While these guidelines focus on what individuals can do to decrease their risk of gambling-related harms, we recognize that this is an insufficient public health response to the issue of gambling harms. Environmental influences such as gambling availability, accessibility, marketing and promotion, regulation, gambling education, and ensuring that near wins as well as wins appear randomly in electronic gaming machines are also critical to reducing harms related to gambling. Thus, the recommendations presented here are one tool to be used as part of a comprehensive approach to reducing gambling-related harm.

In addition, one should keep in mind that these data were collected from adults. These guidelines do not apply to minors who, by Canadian regulations, cannot gamble legally.

Conclusion

While several countries have developed and promote quantitative guidelines or limits that aim to reduce the amount of alcohol-related harm in their populations (e.g., Australia (National Health & Medical Research Council, 2020), Canada (Butt et al., 2011), the UK (Department of Health, 2016), and France (Santé publique France, 2017)), similar guidelines for gambling have not been developed and promoted. The recommended content presented in the paper is the result of the first large-scale, comprehensive project in the world to develop recommendations for lower-risk gambling.
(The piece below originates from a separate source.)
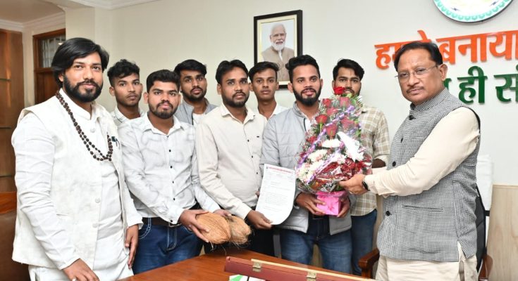 प्रतिनिधिमंडल ने मुख्यमंत्री श्री साय को संत शिरोमणि बाबा गुरु घासीदास जी की 269वीं जयंती के उपलक्ष्य में आयोजित गुरु पर्व कार्यक्रम में बतौर मुख्य अतिथि शामिल होने का आमंत्रण दिया।

In Canada, we have used the recommended content presented here in a variety of knowledge mobilization products available at www.gambling-guidelines.ca including an infographic presenting all the recommended content on a single page, as well as infographics providing more detail about the harms of gambling, why the type of gambling matters, and the specific risk factors to note when considering whether to use the guidelines. We have also developed a risk assessment tool that allows people to answer key questions about their income, gambling involvement, and risk factors which will present personalized feedback. All products are available in English and in French.

It is hoped that the recommended content presented here will be useful to all those dedicated to reducing the harms related to gambling.